За неимением жены король занялся строительством. Новый дворец будет в Суррее, неподалеку от Хэмптон-корта. Задумано создать охотничьи угодья протяженностью во много миль. Поначалу казалось, что хватит и обычного охотничьего домика, но король вознамерился сотворить чудо света. Нанял итальянских зодчих, забрал весь строительный камень из взорванного аббатства Мертон. Сносит усадьбы с амбарами и конюшнями, древние приходские церкви. Скупает соседние поместья. Заказывает тысячи подвод с лесом, строит печи для обжига кирпича.

Томас, лорд Кромвель, викарий короля по делам церкви и хранитель малой печати, уже не надзирает над королевским строительством. Он присоветовал, кого из итальянцев выбрать, но во главе работ король поставил Рейфа Сэдлера. Со всем, что делает для короля Кромвель, справятся Сэдлер и Томас Ризли. Он их обучил, вдохновил, написал их как версии себя; Рейфа – открытым текстом, Ризли – шифрованным.

Чудо строят летом тысяча пятьсот тридцать восьмого. Когда король женится, он поместит королеву туда, как алмаз в оправу.

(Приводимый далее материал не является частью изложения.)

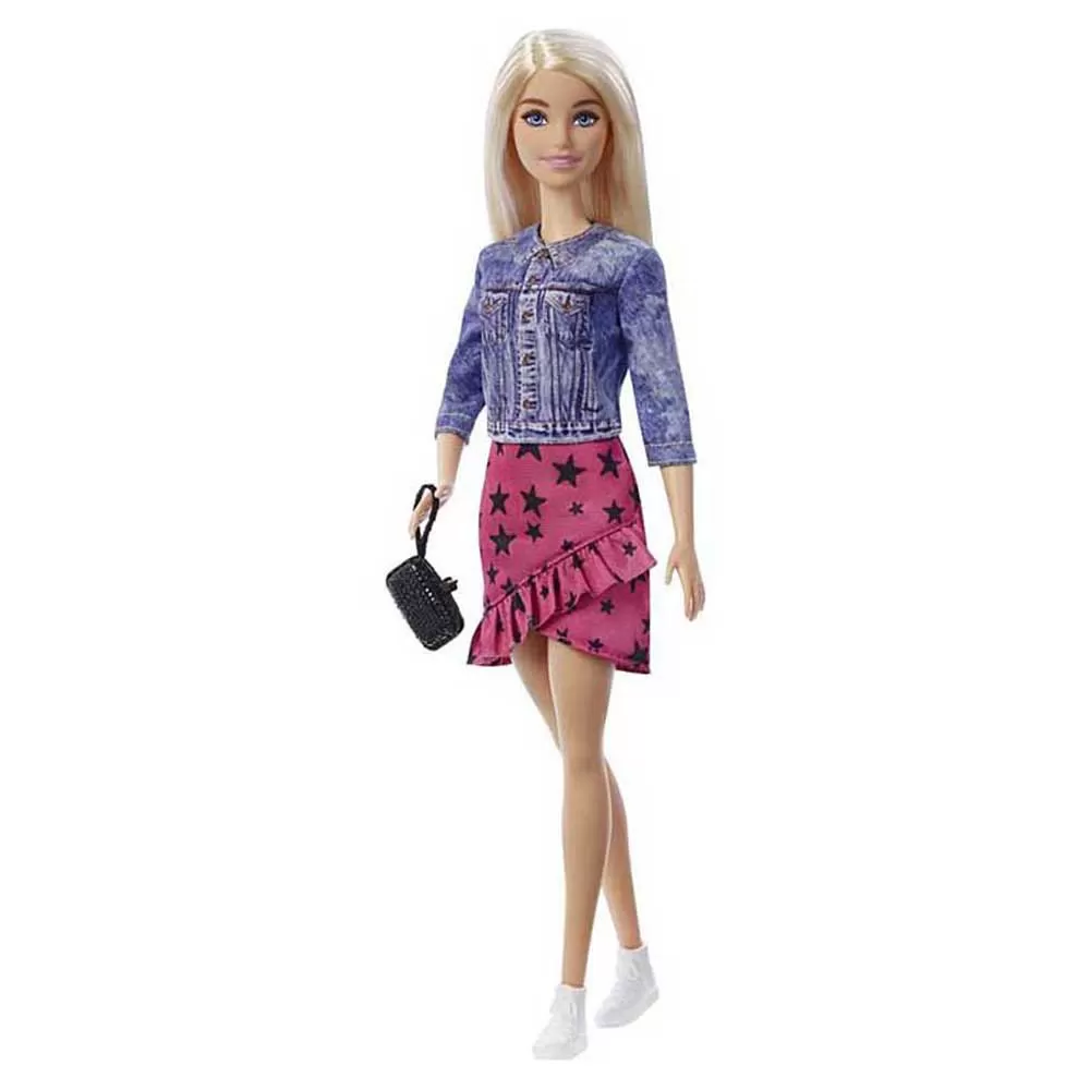 – BarbieĀ® āMalibuā Roberts doll comes dressed in a trendy denim-inspired jacket and ruffled skirt with a starry print.

Тем временем европейские дамы, отделенные от нас Ла-Маншем, смотрят на мглистые земли через хрустальные зеркала; по вьющимся меж цветов дорогам скачут королевские гонцы на белых конях. В сказках принцессы не бывают чересчур старыми, или чересчур молодыми, или папистками. Они терпеливо дожидаются принца семь и более лет, покуда он совершает подвиги, и прядут свои судьбы в единую нить, отращивая той порой длинные золотые волосы.

Иногда король плачет о покойной жене. Где мы сыщем даму столь кроткую, смиренную и пригожую, как Джейн? Поскольку найти такую нельзя, Генрих забавляется строительством нового дворца, какого еще не видел свет; дворец зовется Нонсач, то есть Несравненный.

IICorpus Christi[61]

Июнь – декабрь 1538 г.

Уайетт последовал за императором с берегов Испании в Ниццу, где Карл встретился с папой и французским королем. Эта встреча подобна зловещему сочетанию светил, которое мы можем предсказать, но не в силах предотвратить. Начало июня, Уайетт в Англии, расхаживает по комнате в Сент-Джеймсском дворце. Лорд – хранитель малой королевской печати, сидя в квадрате слабого света из окна, следит за ним взглядом.

– Я видел Фарнезе, – говорит Уайетт. – Так близко, что мог бы в него плюнуть. Кардинал Поло опирался папе на плечо и шептал тому на ухо. Я мог бы ткнуть его кинжалом и привезти домой ломоть его жира.

Куда бы ни ехал император, Уайетт следует за ним со свитой из двух десятков молодых придворных; все они при оружии, все сочиняют стихи, все повесы, все игроки. Из Ниццы император отправил его на родину с заманчивым предложением: если леди Мария выйдет за дома Луиша, то им достанется Милан – Милан, за который Карл и Франциск сражались много лет.

– Но Милан он не отдаст до Страшного суда, – говорит Уайетт. – И они требуют за Марией несусветного приданого. Королю следует предложить две трети.

Разумное правило на все случаи жизни: сбрось треть и посмотри, что тебе ответят. Уайетт говорит:

– Впрочем, я не знаю, намерен ли король вообще отдавать Марию замуж. И хочет ли жениться сам или просто ведет со всеми игру да обеспечивает Ганса заказами.

Он пожимает плечами, я, мол, ничего не знаю.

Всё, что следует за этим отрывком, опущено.